As War Crimes Tribunal Closes, Some Victims Feel Deprived Of Justice
MICHEL MARTIN, HOST:
The longest-running war crimes court in history will soon close its doors after 24 years. The International Criminal Tribunal for the former Yugoslavia, or the ICTY, just wrapped up its final trial in The Hague, convicting former Bosnian Serb General Ratko Mladic on 10 counts of war crimes and crimes against humanity. Teri Schultz spoke with victims and legal experts about what they believe the court accomplished and what is left undone.
TERI SCHULTZ, BYLINE: Ramiza Gurdic didn't come to The Hague thinking any measure of justice would stop the nightmares she still has - losing her two sons, her husband and 38 relatives in the 1995 Srebrenica genocide, which Ratko Mladic has now been found guilty of orchestrating.

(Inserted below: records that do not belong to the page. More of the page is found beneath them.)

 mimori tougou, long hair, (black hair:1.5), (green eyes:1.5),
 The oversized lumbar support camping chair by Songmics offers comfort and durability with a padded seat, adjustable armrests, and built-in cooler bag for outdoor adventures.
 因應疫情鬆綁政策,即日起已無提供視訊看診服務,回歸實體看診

RAMIZA GURDIC: (Speaking Serbian)
SCHULTZ: Those days in Srebrenica, Gurdic recalls, were hell on earth, with people killing themselves trying to escape what would befall the rest, the worst massacre on European soil since World War II, as many Bosnian Serbs tried to eradicate their Muslim neighbors. Kelima Dautovic was there, too - gutted, she said, when Mladic was not convicted of genocide throughout Bosnia, including in her hometown of Prijedor in the Serb-controlled area. She and her family had been thrown in a concentration camp - thousands died.

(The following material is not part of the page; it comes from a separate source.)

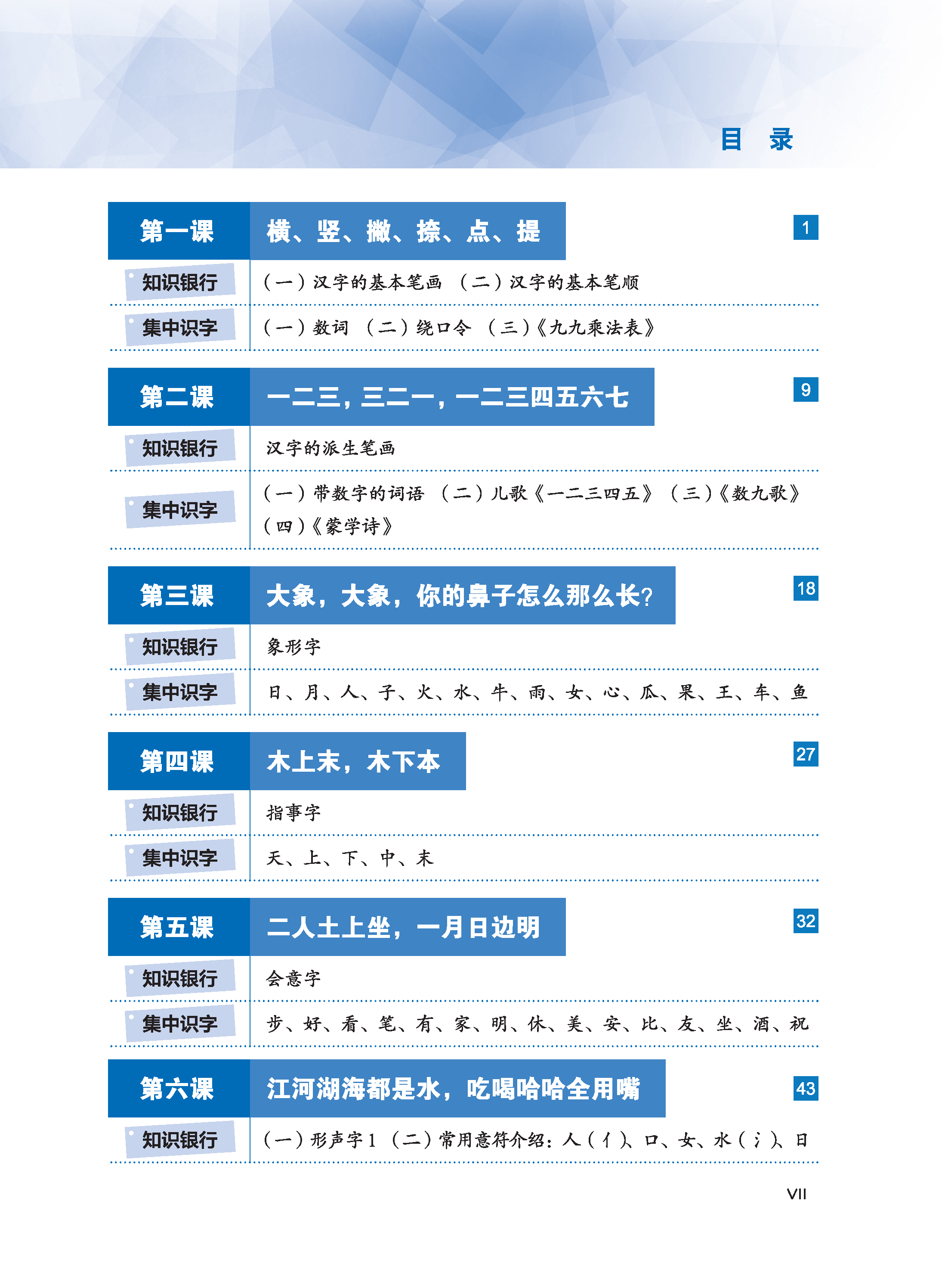 Mảng này giảng giải những tri thức cơ sở về chữ Hán, đồng thời thiết kế phần “Luyện tập” để kiểm tra tình hình lý giải và nắm bắt của học sinh. Phần giảng giải đơn giản, rõ ràng, dễ hiểu, có kèm theo phần dịch tiếng Việt, điều này giúp người học giảm bớt tâm trạng ngại khó khi học chữ Hán, nắm được phương pháp học tập chính xác, nâng cao hứng thú và hiệu suất học tập. Bài 1 và bài 2 chủ yếu giới thiệu về các nét chữ và quy tắc bút thuận của chữ Hán. Bài 3 đến bài 7 giới thiệu về cấu tạo cơ bản của chữ Hán, giảng giải một cách hệ thống về chữ tượng hình, chữ chỉ sự, chữ hội ý và chữ hình thanh; phần chữ hình thanh được chia thành hai bài, một bài chủ yếu giảng giải về ý phù (hình bàng), một bài chủ yếu giảng giải về thanh phù (thanh bàng). Bài 8 giảng giải về ba hiện tượng chữ cận hình, chữ đồng âm và chữ đa âm tồn tại trong tiếng Hán. Bài 9 giới thiệu về mối quan hệ giữa chữ Hán và từ.

KELIMA DAUTOVIC: Us survivors and victims of that genocide do know that genocide did happen because all non-Serbs in my town were either killed, put in concentration camp or deportated (ph).
SCHULTZ: Chief prosecutor Serge Brammertz hopes others take comfort that all 161 indictees were found and held to account, but even he is sceptical such a record will prevent new crimes from being committed. After all, he notes, more than 7,000 Muslim men and boys were massacred in Srebrenica two years after the court was created.
SERGE BRAMMERTZ: Of course it's very difficult to measure. Perhaps without the creation of the tribunal, even more would have happened. It is clear that accountability is more the exception than the rule for crimes committed in our world today.
SCHULTZ: International criminal attorney Tarik Abdulhak says the ICTY need not be humble. He was a child in Sarajevo during the war and survived Bosnian Serb hate and incessant shelling to become a prosecutor of atrocity crimes. He says the ICTY has set critical precedence.
TARIK ABDULHAK: All of the various tribunals that have been created post-ICTY from the Rwanda tribunals to Sierra Leone, Cambodia, Bosnia, International Criminal Court, et cetera. All of them have to varying degrees applied not only the substantive law of the ICTY and the substantive principles that the ICTY developed but also rules of procedure, which are often just as important in ensuring that you have fair and expeditious trials.
SCHULTZ: But Abdulhak acknowledges none of those advances have put Bosnia back together. Some say the communities of ethnic Croats, Muslims and Serbs are as bitterly split now as during the conflict. One man who was immortalized in a photo as a skeletal detainee behind barbed wire in a Serb-run camp told me - some people live together, others just live next to each other. Kelima Dautovic laments authorities in her hometown won't allow Muslims to put up a memorial to the victims there. Many people, Dautovic says, are still looking for their loved ones' remains.
DAUTOVIC: They're still waiting for that, you know, to peacefully die.
SCHULTZ: Ramiza Gurdi is one of those. She only has the bones of one of her boys. She thinks of little else, she says, except to hope that Ratko Mladic is haunted by the ghosts of his victims like she's been for 22 years. That, she says, would be justice. For NPR News, I'm Teri Schultz.